Accountability costs are either $100m or $300m, report says

By the end of this school year, the Department of Education will have spent more than $300 million on its accountability initiative, according to a report released today by the city’s Independent Budget Office.

The DOE disputes the IBO’s figure, saying the report includes more initiatives than are actually part of the accountability project. It says the true figure is more like $100 million.

The city’s public advocate, Betsy Gotbaum, commissioned the report, which is bound to intensify debate about whether accountability measures should be cut during the coming budget crunch.

Since it launched in April 2006, the DOE’s accountability initiative has been the engine behind reforms to the way the DOE is structured and the way instruction in city classrooms is delivered. Some have criticized the initiative’s high costs, saying they divert funds from classrooms; the teachers union and other organizations advocate eliminating the DOE’s entire Office of Accountability as a way to save money. But school officials stand by the spending, saying it’s essential to identify students and schools that need help. In a statement today, Schools Chancellor Joel Klein said the IBO “misunderstands the purpose and importance of accountability” and called the DOE’s accountability expenditures “some of the smartest dollars we’ve spent.”

Gotbaum requested the report in February, but it was not completed until now because the DOE was “not being as forthcoming as it could have been” with its budget information, she said this morning at a press conference.

In fact, Gotbaum said the last adjustments to the report were made just minutes before the conference began, after DOE officials called “in a little bit of a panic” to revise estimates of how much school-based accountability personnel cost.

The months-long reporting process also included a prolonged back-and-forth between the IBO and the DOE over what should be considered part of the accountability initiative. Gotbaum said there were “many differences of opinion” about what should be included.

Part of the problem was that the DOE does not clearly define accountability, IBO spokesman Doug Turetsky told me. “There’s no piece of paper that we ever saw that said, this is the accountability initiative,” he said.

According to the DOE, the initiative includes grants for schools and principals whose students do well; the Quality Reviews; the progress reports; surveys of parents, teachers, and students; and personnel at Tweed.

The IBO’s final tally of the DOE’s accountability spending also includes funds spent on the data warehouse called ARIS; some personnel at schools and the School Support Organizations; and money earmarked for schools that received low progress report grades. Turetsky told me the DOE argued that ARIS should be excluded because its uses extend beyond the accountability initiative.

According to the DOE’s definition, its accountability initiative will have racked up costs of just over $100 million by the end of this school year. By the IBO’s, that figure is closer to $300 million.

And to Gotbaum, who uses a third definition, the spending will reach more than $352 million. To the list of accountability expenditures, Gotbaum would add periodic assessments, which cost the DOE more than $26 million during the last school year, according to the IBO report.

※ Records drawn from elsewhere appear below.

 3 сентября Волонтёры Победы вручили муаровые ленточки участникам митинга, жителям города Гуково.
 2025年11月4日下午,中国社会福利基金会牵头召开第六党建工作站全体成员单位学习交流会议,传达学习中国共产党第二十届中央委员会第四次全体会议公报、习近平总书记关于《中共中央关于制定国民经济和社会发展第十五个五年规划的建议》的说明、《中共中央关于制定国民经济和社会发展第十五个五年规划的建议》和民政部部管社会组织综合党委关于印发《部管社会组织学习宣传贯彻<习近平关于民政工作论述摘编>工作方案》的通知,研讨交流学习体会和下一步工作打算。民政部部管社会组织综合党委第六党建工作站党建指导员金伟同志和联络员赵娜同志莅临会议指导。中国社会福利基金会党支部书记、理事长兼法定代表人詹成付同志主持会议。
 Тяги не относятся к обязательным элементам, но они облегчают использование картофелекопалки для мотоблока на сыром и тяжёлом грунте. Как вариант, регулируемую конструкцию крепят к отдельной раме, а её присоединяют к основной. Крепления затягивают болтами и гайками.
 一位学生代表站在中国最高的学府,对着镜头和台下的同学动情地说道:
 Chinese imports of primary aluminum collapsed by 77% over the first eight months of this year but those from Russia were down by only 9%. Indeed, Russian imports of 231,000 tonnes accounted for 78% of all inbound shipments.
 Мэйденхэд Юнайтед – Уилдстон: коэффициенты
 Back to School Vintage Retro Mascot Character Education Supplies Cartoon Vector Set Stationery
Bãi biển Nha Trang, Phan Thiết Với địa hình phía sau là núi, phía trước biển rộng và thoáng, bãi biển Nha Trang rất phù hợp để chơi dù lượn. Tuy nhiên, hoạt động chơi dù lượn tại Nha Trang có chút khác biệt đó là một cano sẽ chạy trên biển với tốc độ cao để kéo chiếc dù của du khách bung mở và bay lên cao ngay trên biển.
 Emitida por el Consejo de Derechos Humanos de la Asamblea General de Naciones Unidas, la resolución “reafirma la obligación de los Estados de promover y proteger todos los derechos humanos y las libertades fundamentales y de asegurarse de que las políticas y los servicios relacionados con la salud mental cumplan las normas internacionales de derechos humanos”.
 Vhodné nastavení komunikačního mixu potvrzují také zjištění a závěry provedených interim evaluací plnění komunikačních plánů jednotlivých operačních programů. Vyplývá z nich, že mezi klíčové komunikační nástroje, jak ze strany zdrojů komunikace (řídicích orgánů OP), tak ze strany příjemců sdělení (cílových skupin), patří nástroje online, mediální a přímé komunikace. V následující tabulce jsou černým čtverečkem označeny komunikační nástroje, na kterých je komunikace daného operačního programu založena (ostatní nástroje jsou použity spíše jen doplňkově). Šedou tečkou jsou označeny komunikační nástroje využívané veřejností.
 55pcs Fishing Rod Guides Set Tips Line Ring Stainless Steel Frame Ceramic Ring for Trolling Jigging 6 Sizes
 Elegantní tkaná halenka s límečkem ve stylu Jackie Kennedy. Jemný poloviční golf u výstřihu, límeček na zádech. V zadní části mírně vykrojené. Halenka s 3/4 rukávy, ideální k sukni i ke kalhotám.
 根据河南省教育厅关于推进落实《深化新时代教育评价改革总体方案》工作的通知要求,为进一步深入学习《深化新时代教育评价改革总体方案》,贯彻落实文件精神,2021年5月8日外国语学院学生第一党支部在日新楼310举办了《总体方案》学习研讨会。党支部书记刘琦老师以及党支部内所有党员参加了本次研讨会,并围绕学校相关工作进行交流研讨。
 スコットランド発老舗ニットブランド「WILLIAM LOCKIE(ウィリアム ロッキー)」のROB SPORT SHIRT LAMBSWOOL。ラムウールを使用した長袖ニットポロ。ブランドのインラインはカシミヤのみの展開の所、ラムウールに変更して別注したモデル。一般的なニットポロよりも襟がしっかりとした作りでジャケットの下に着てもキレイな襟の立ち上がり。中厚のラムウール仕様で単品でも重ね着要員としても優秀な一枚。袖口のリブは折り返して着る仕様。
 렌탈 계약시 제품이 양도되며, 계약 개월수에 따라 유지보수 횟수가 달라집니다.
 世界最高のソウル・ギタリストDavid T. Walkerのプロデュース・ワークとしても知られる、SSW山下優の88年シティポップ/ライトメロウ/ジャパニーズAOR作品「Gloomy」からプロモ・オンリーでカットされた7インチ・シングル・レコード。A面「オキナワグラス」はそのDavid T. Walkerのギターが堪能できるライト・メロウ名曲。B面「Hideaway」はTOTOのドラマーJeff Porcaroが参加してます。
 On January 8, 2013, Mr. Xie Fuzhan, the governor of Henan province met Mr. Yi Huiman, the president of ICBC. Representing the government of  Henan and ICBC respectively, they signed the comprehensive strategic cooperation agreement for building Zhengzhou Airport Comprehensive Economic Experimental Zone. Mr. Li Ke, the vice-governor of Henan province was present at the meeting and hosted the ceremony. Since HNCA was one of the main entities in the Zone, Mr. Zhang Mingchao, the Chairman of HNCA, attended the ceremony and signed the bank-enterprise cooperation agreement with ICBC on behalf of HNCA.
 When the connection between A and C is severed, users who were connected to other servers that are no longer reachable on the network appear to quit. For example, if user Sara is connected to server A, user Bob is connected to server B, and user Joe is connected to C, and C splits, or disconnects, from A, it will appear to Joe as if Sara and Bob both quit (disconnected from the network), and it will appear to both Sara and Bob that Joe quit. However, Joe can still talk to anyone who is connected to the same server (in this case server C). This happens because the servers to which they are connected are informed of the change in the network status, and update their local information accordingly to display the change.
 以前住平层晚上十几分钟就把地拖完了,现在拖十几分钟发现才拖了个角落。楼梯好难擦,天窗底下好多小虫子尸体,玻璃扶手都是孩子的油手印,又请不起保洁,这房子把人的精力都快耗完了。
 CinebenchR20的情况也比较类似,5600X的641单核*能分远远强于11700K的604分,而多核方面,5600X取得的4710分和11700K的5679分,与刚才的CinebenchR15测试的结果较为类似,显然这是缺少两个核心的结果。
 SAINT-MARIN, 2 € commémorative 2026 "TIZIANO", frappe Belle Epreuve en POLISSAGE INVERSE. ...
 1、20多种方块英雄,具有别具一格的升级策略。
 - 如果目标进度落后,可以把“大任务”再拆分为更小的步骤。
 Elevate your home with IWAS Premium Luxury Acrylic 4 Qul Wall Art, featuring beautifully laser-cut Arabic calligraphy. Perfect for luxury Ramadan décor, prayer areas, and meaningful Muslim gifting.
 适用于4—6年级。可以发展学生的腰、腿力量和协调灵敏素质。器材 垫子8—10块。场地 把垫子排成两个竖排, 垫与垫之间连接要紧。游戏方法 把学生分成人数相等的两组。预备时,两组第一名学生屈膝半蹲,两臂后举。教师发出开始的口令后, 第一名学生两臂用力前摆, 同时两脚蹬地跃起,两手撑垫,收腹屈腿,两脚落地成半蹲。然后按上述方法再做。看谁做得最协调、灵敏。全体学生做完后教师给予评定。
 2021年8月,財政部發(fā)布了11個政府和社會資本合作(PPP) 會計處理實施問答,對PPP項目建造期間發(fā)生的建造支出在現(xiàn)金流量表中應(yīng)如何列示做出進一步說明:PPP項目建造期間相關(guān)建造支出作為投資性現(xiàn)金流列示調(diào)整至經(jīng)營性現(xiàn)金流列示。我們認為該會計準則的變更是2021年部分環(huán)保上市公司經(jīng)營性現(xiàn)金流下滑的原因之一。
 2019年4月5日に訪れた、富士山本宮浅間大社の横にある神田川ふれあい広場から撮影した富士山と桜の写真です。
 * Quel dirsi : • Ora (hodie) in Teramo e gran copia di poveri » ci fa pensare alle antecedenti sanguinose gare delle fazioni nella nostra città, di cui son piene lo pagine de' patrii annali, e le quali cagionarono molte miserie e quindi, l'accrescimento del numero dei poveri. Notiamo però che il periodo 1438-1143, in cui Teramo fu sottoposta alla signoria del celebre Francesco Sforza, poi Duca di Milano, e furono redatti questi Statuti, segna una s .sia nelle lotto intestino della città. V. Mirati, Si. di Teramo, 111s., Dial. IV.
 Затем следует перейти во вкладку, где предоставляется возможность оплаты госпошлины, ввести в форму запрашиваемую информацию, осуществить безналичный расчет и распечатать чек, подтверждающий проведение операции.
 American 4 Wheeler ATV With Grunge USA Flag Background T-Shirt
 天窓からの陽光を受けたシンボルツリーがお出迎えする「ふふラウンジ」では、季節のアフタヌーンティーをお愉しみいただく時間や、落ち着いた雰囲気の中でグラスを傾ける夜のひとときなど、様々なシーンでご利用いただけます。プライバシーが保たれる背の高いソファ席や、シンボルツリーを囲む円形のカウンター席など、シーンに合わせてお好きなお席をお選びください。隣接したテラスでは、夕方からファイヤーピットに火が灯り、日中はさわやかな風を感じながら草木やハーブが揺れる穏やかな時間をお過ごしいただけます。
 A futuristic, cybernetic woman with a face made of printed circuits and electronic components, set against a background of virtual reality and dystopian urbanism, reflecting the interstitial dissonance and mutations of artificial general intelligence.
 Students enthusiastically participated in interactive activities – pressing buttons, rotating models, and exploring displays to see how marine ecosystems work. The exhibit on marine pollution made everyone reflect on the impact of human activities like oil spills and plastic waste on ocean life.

The DOE requires schools to conduct periodic assessments in all schools, but the tests are not used to evaluate schools or students. The DOE’s Office of Accountability administers the periodic assessments, and Schools Chancellor Joel Klein has described the assessments as an important component of his accountability initiative.

The DOE successfully made the case to the IBO that the assessments shouldn’t be considered part of the accountability initiative because they are “no stakes,” the IBO report includes a half-page discussion of the assessments’ cost. “We did think it was an important and large enough element of the education department’s Office of Accountability to leave it in the report,” Turetsky told me.

Turetsky said the whole process would have been easier were the IBO not so dependent on the DOE for information about its spending. Because the DOE is not officially a city agency, it is not required to comply with IBO requests, and at first it offered only “sporadic answers” to the IBO’s questions, he said.

Gotbaum’s Commission on School Governance this fall recommended that the IBO be given oversight of DOE data if the State Assembly mayoral control is preserved next year. “There is nowhere else to get this data,” Gotbaum said today. “There is no system of checks and balances that any of us has access to.”